More precious for their rarity

Pip 6.5.16Today we celebrate the tiny yellow flowers which have sprung up here and there upon the heathland where we walk come afternoon.  To some, ordinary and unremarkable because so commonplace in our literature; to others, precious because so rarely seen.  John Clare, that poet of nature, referred to them in this sonnet:
The dancing Cowslips come in pleasant hours;
Though seldom sung, they’re everybody’s flowers:
They hurry from the world, and leave the cold;
And all the meadows turn from green to gold:
The shepherd finds them where he went to play,
And wears a nosegay in his mouth all day:
The maiden finds them in the pleasant grove,
And puts them in her bosom with her love;
She loves the ladysmocks: and just beyond
The water blobs close to the meadow-pond.
I’ve often gone — about where blackthorns stood —
And got the Bedlam-Cowslips in the wood;
Then found the blackbird’s nest, and noisy jay
And up and threw the Cowslips all away!

How few today can take these gorgeous blooms for granted, treating them so wantonly. The faery has more respect, knowing the worth of every living thing. We of the upper world – humans and dogs alike – gamble and gawp, tumbling over tussocks as our concentration falters (yes, Puck is still out there, playing tricks!). We look for pearls in everything we see but, as yet, have found none in those little florets.

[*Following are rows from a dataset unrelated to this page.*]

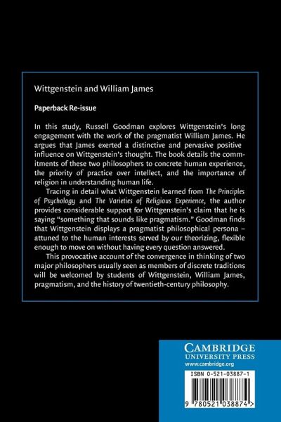 This book explores Wittgenstein's long engagement with the work of the pragmatist William James. In contrast to previous discussions Russell Goodman argues that James exerted a distinctive and pervasive positive influence on Wittgenstein's thought. For example, the book shows that the two philosophers share commitments to anti-foundationalism, to the description of the concrete details of human experience, to the priority of practice over intellect, and to the importance of religion in understanding human life. Considering in detail what Wittgenstein learnt from his reading of Principles of Psychology and Varieties of Religious Experience the author provides considerable evidence for Wittgenstein's claim that he is saying 'something that sounds like pragmatism'. This provocative account of the convergence in the thinking of two major philosophers usually considered as members of discrete traditions will be eagerly sought by students of Wittgenstein, William James, pragmatism and the history of twentieth-century philosophy.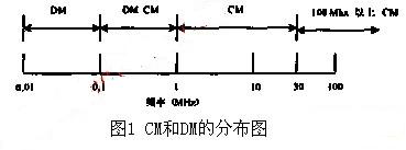 EMI信號包括共模干擾信號CM和差模干擾信號DM,CM和DM分布如圖1所示。它可用來指導如何確定EMI濾波器網絡結構和參數。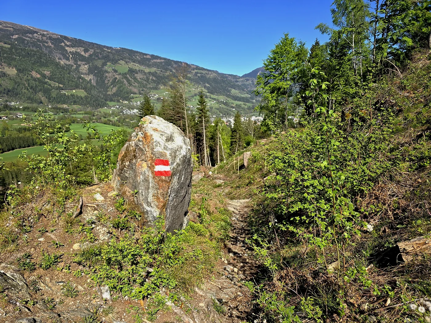 Wir folgen dem rot-weiß-rot markierten Naturlehrpfad vorbei an diversen Schautafeln bis zu einer weiteren Weggabelung (770m) direkt oberhalb des Sonnenhofs. Achtung: An dieser Stelle befindet sich kein Wegweiser! Wir verlassen hier den Lehrpfad und folgen einem schmalen Steig (Markierung beachten), der uns steiler bergauf bis zu einer Asphaltstraße leitet. Dieser folgen wir weiter bergan zu den schön gelegenen Taxerhöfen (895m), von wo aus sich ein herrlicher Ausblick auf Lienz und die Schleinitz bietet.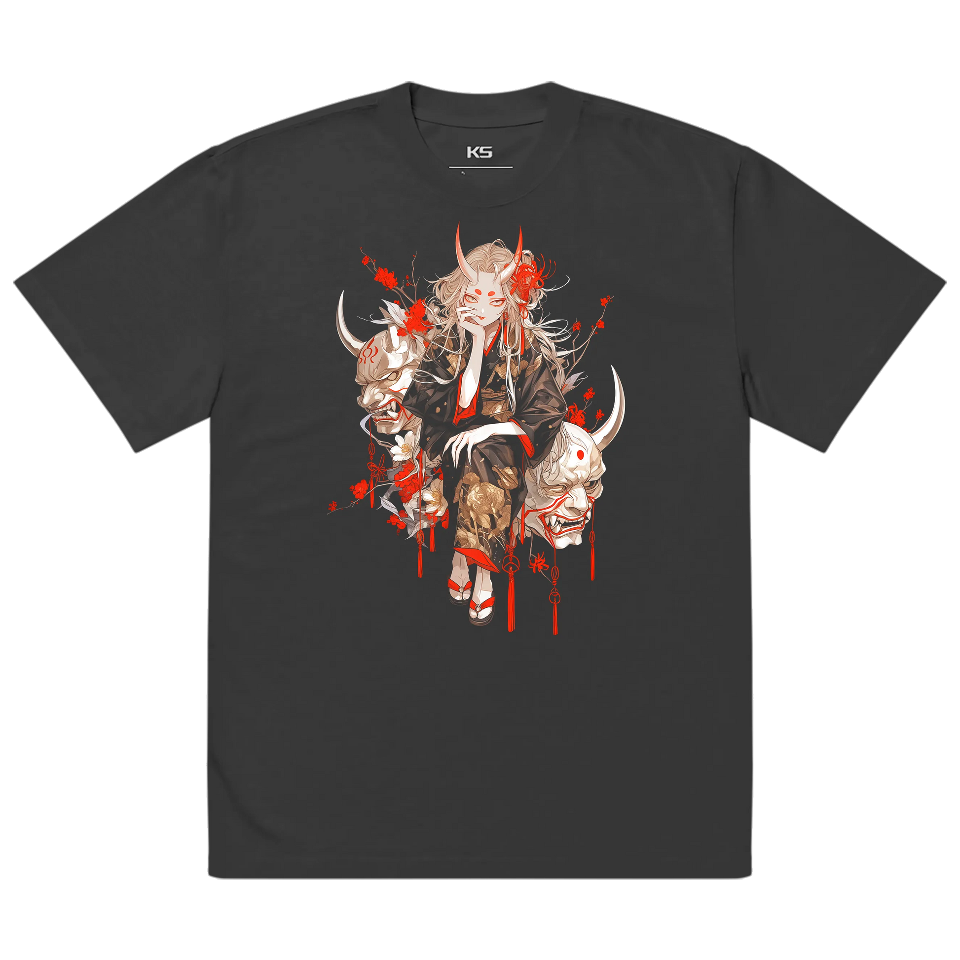 This premium oversized Japanese T-shirt features neo-traditional artwork inspired by oni symbolism, folklore, and shadowed aesthetics. Printed on a deep black faded fabric, it blends gothic influence with modern streetwear minimalism, creating a powerful and unsettling visual impact.

Here are one Fairy’s words, taken from that most jewel-like of plays:

cowslips 6.5.16Over hill, over dale,
    Thorough bush, thorough briar,
 Over park, over pale,
 Thorough flood, thorough fire.
 I do wander everywhere
 Swifter than the moon’s sphere.
 And I serve the fairy queen
 To dew her orbs upon the green.
 The cowslips tall her pensioners be.
 In their gold coats spots you see.
 Those be rubies, fairy favors.
 In those freckles live their savors.
 I must go seek some dewdrops here
 And hang a pearl in every cowslip’s ear.